This help topic is for R version 1.1. For the current version of R, try https://stat.ethz.ch/R-manual/R-patched/library/base/html/cor.html
cor {base}R Documentation

Correlation, Variance and Covariance (Matrices)

Description

var, cov and cor compute the variance of x and the covariance or correlation of x and y if these are vectors. If x and y are matrices then the covariance (correlation) between the columns of x and the columns of y are computed.

Usage

var(x, y = NULL, na.rm = FALSE, use)
cor(x, y = NULL, use = "all.obs")
cov(x, y = NULL, use = "all.obs")

Arguments

x

a numeric vector, matrix or data frame.

y

NULL (default) or a vector, matrix or data frame with compatible dimensions to x.
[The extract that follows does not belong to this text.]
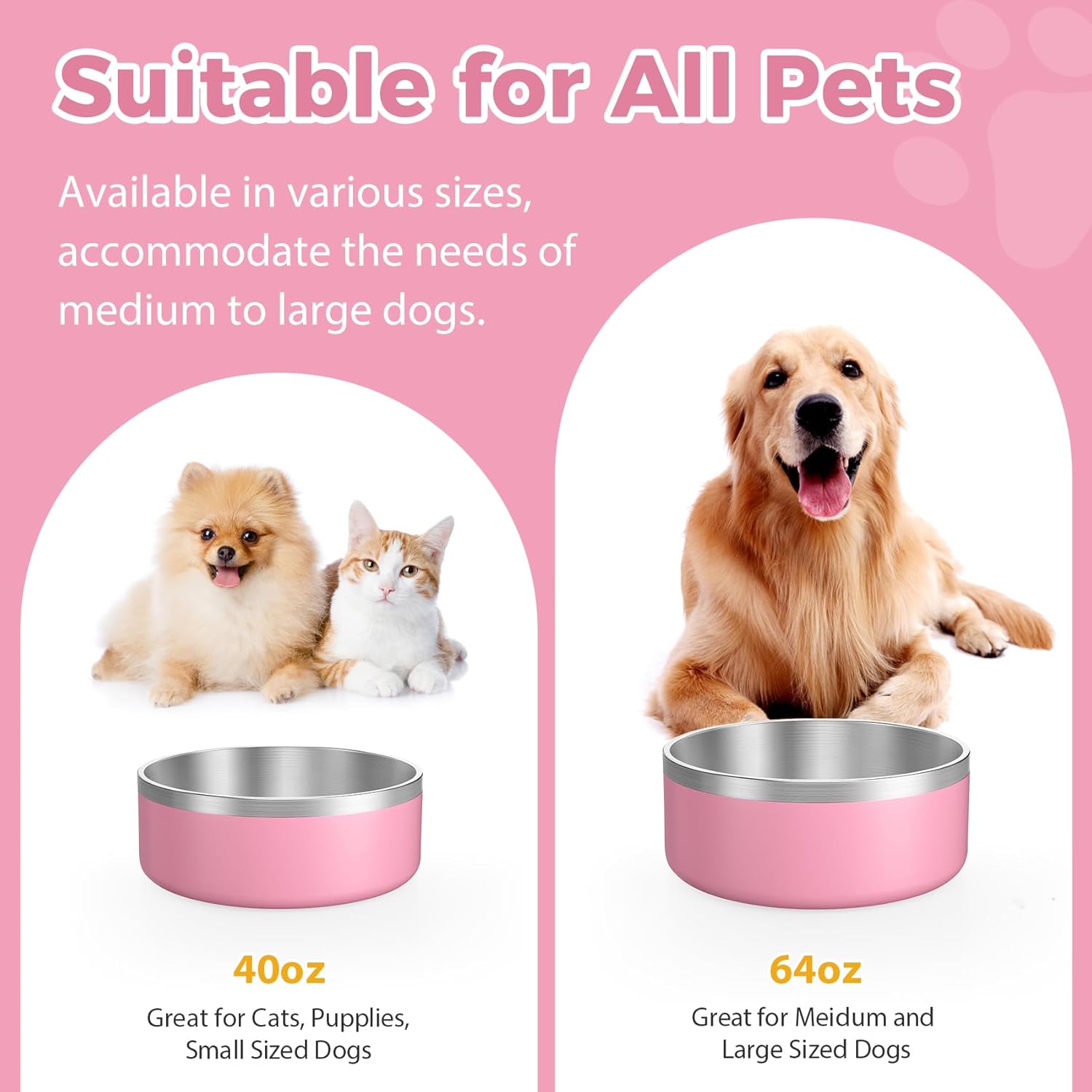 LIANLAI Dog Bowls, Rust-Resistant Stainless Steel Dog Bowls, Non-Slip Double-Walled Pet Dishes, Dishwasher Safe (Pink,40 oz)

The default is equivalent to y = x (but more efficient).

use

an optional character string giving a method for computing covariances in the presence of missing values. This must be (an abbreviation of) one of the strings "all.obs", "complete.obs" or "pairwise.complete.obs".

Details

var is just another interface to cov, where na.rm is used to determine the default for use when that is unspecified. If na.rm is TRUE then the complete observations (rows) are used (use = "complete") to compute the variance. Otherwise (use = "all"), var will give an error if there are missing values.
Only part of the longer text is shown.